The assignment is to:

  1. georeference an aerial photograph (by "rubber sheeting")
  2. screen-digitize polygons for for six contiguous blocks in the city
  3. use your digitized polygons and the 'intersect' tool to produce estimates of the total tree crown area, building footprint, and of their overhang area on a typical block in the city.

    Hand-in

    1. A map showing your digitized features superimposed on the georeferenced photograph.
    2. Your estimate of the overhang area (as percent of area).
    3. A brief description of your reasoning on your area estimate including the representativness of the blocks your chose to digitize and your confidence in the estimate.

    Data you need

    Basic Strategy

    The basic strategy for screen digitizing with ArcMap is to: (1) georeference (in ArcMap GeoReferenceing Tool) (if it is not already georeferenced) the document that you want to digitize from (map, photograph, remotely-sensed image, etc), (2) create an empty shapefile (in Arc Catalog), (3) display the georeferenced base image and add the empty shapefile to your display, (4) digitize the desired content into the (once empty) shapefile (in ArcMap).

    Georeferencing an Aerial Photo

    You need ArcMap's GeoReferencing Tool.

    With the image and the street lines (or GPS points) loaded in your display, you will note that they probably don't overlap at all before we georeference the image.

    Examine the photo to determine approximately where it fits on the street map (or GPS points).

    Zoom the street map (or GPS points) to show approximatly the same area as the photo's extent.

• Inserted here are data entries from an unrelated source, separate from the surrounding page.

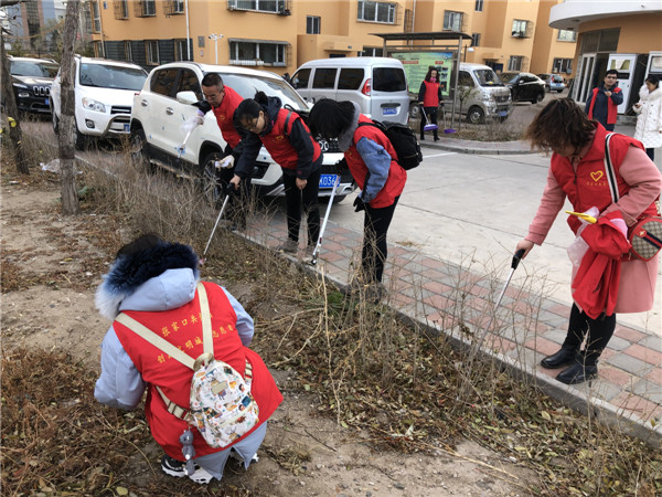 全體黨員教師還來到東寧街社區開展創城志愿服務活動,進行垃圾雜物的撿拾、清掃地上和小廣告鏟除,向居民進行垃圾分類的宣講。
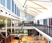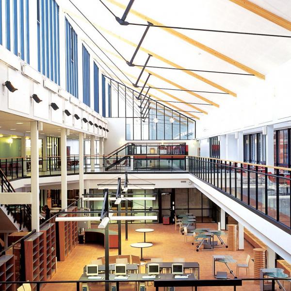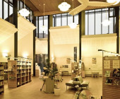 The Pakkala Learning and Information Centre consists of the International School of Vantaa, Day Care Centre, Pakkala Citizen’s Office and Point Library. The heart of the school is the Learning Centre, which is also open to the library users after school hours. The building is like a four leafed clover in which the library is one leaf.
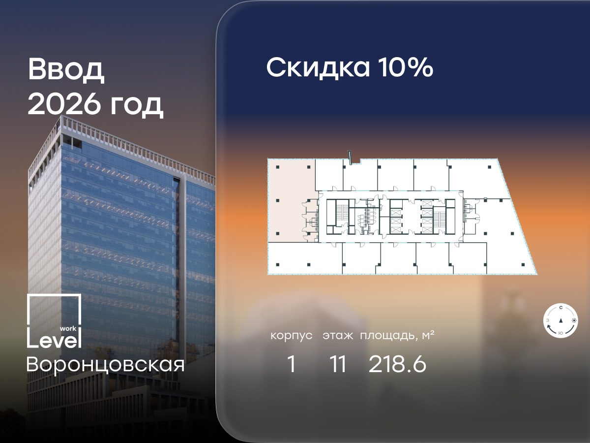 Продаётся офисное помещение площадью 218.60 кв. м в Левел work Воронцовская (от компании Level Group), новом бизнес-центре класса A в престижном Обручевском районе Москвы (ЮЗАО).
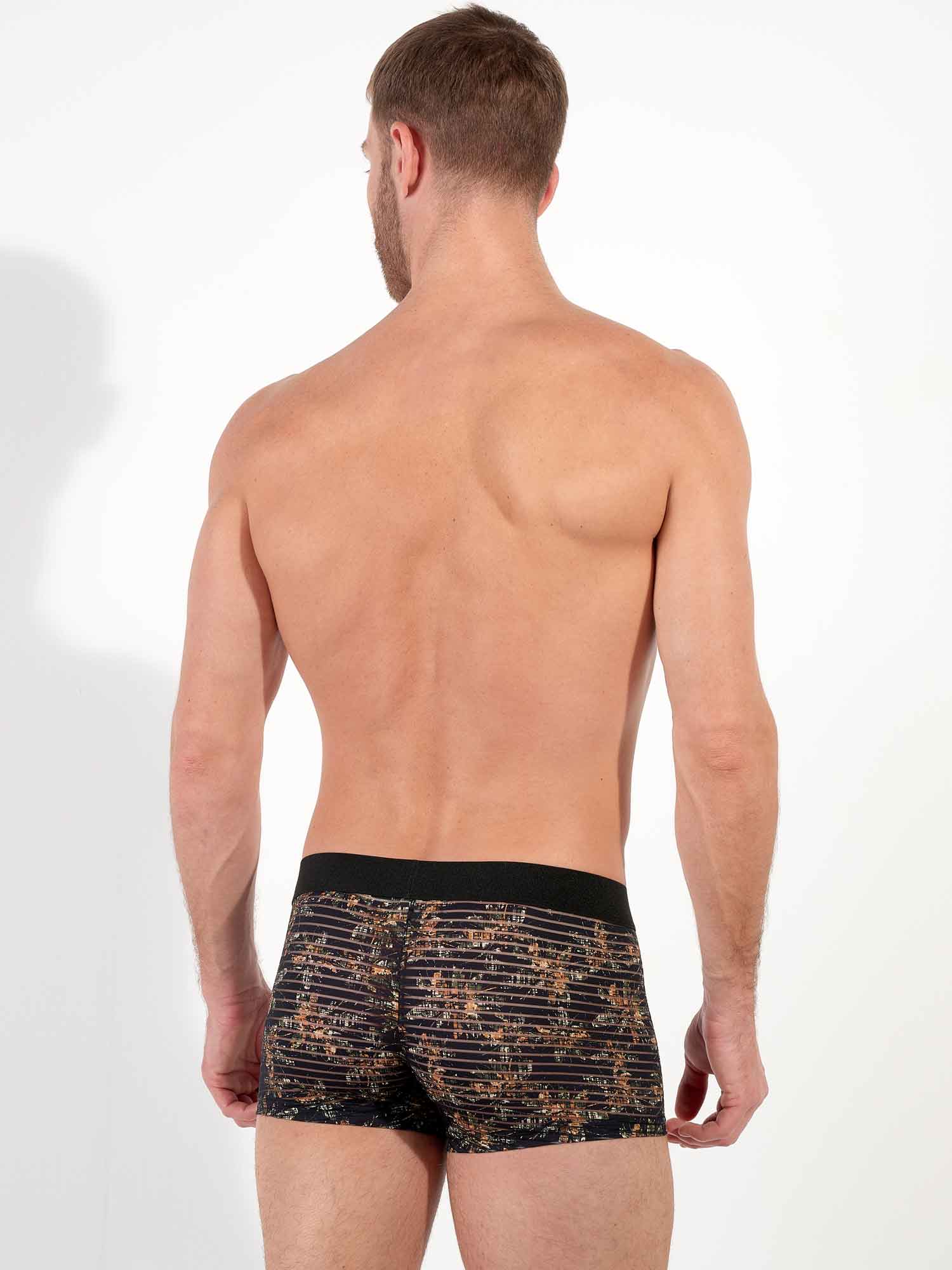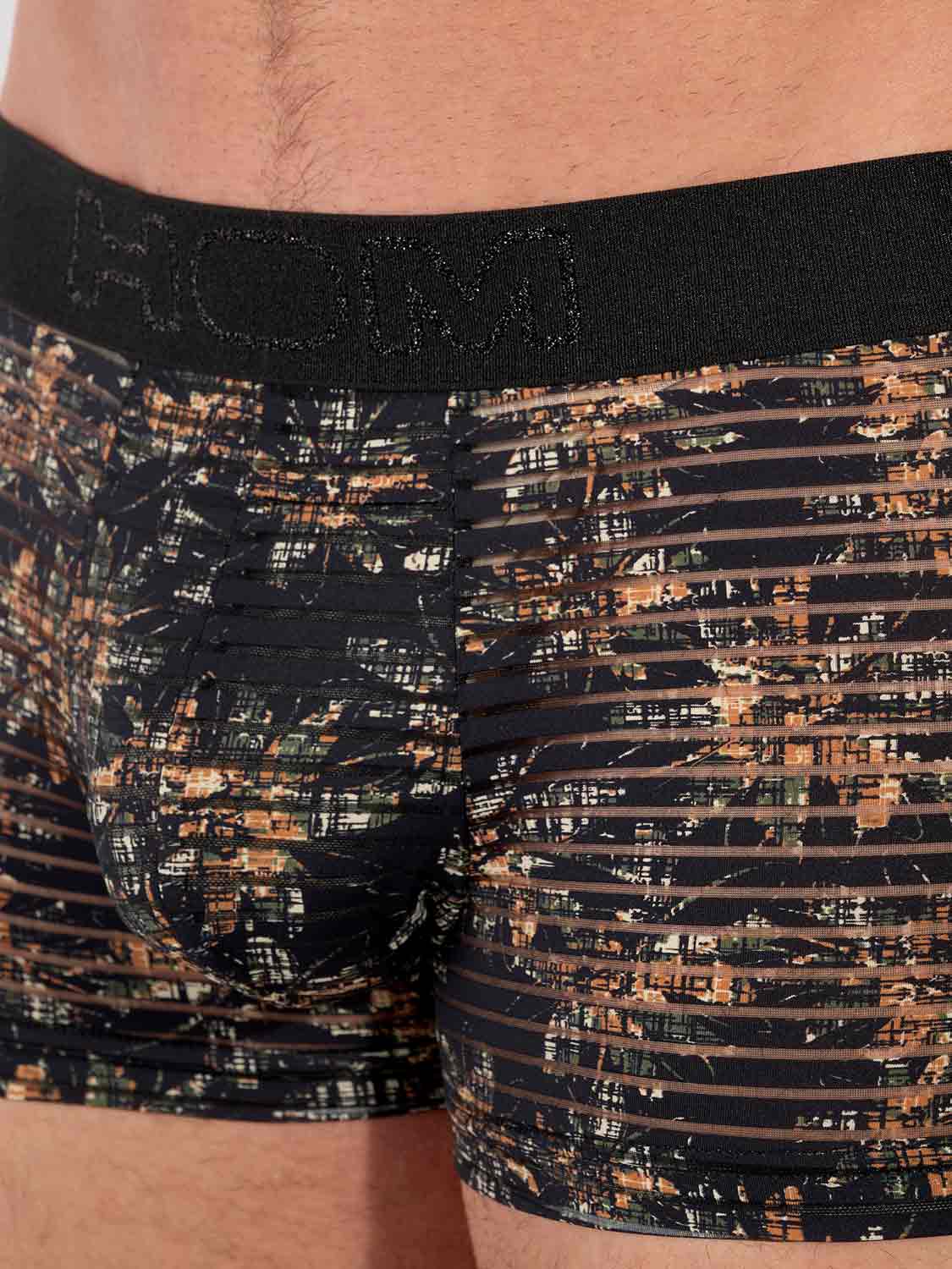 The Iraty trunk from the HOM Temptation collection is a masterclass in subtle seduction. It blends a sensual camouflage pattern in green, ochre, and black with floral details that invite closer inspection. Horizontal transparent lines reveal just enough skin for a tantalising silhouette, while the velvety microfiber hugs the body effortlessly. The lined pouch offers extra comfort and a discreet, flattering look. The Iraty trunk is made for men who dare to seduce with style and confidence.
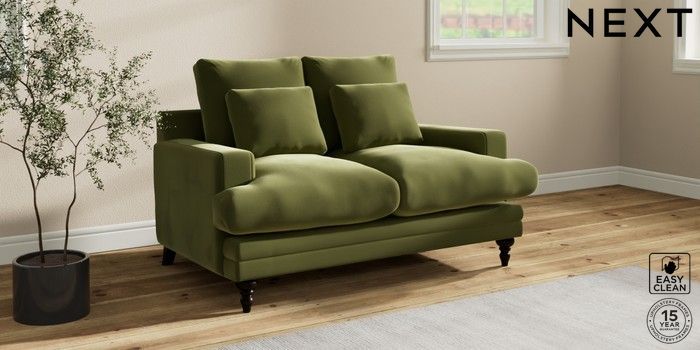 7.0.3 Buy Hutton Deep Relaxed Sit 2 Seater Sofa Plush Velvet Easy Clean Mid Olive Green Country Turned - Dark from the Next UK online shop Click here to use our accessible website
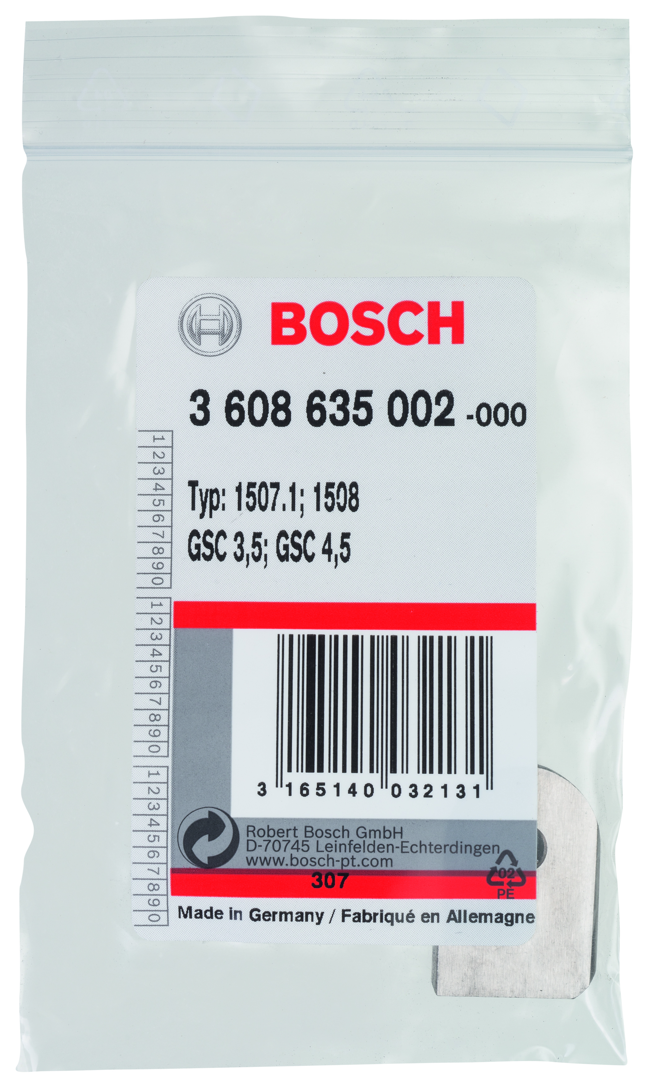 Emballage: 1Marque: BoschRéférence: 3608635002EAN: 3165140032131Description: Couteau inférieur GSC 3,5/4,5
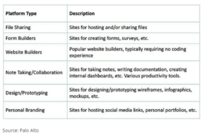 In the latest report from Palo Alto Network’s Unit42, Legitimate SaaS Platforms Being Used to Host Phishing Attacks, we find that the increases are far more significant than expected. According to the report, the following types of SaaS platforms were included in their analysis of phishing URLs:
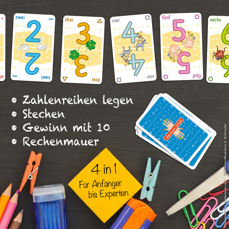 Zahlen und Mengen erkennen, vergleichen und ordnen... Summen bilden und weitere Rechenarten kennenlernen... den kreativen und flexiblen Umgang mit Zahlen üben und verinnerlichen... mit dem Zahlenspiel aus der Serie Abenteuer Schule lernen kleine Schulanfänger ...
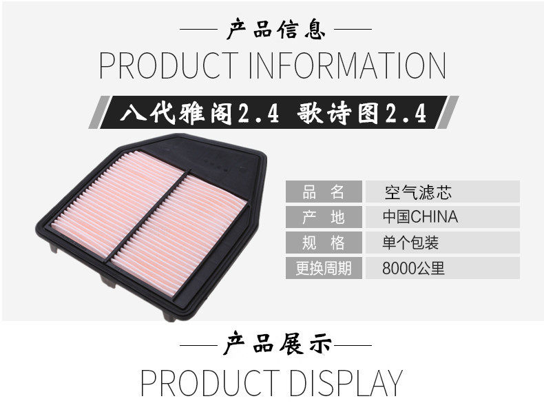 Compatible with Honda 8th Generation Accord Crosstour 2.4 air filter element, air cleaner, air filter filter

    Make sure the photo name is in the georeference toolbar

    use Georeference->Fit_to_Display to get the photo and street (GPS) data displayed about on top of each other.

    Select an initial tie point to bring one point of the image into correspondence with the street map. Perhaps a prominent intersection will be available.

    Select a second tie point to improve the fit. (Perhaps another intersection.) This should let the image be rotated and scaled closer to a fit. Select a third point and you will probably see a pretty good fit.

    Selecting more points, and perhaps messing with the geometric model, (the order of the polynomial, the number of tie points) may get your fit better, (but remember that the allroad3 street data are from the census bureau and their concern was consistent topology of census blocks rather than with exact location and shape of features... your GPS points may be better). Once you are satisfied with the image's position relative to your base data, save the now georeferenced image with its coordinate system info.

    Georeferencing Hints:

    When you are selecting tie points, click the image first and the map second; like you are stretching the image to fit the map.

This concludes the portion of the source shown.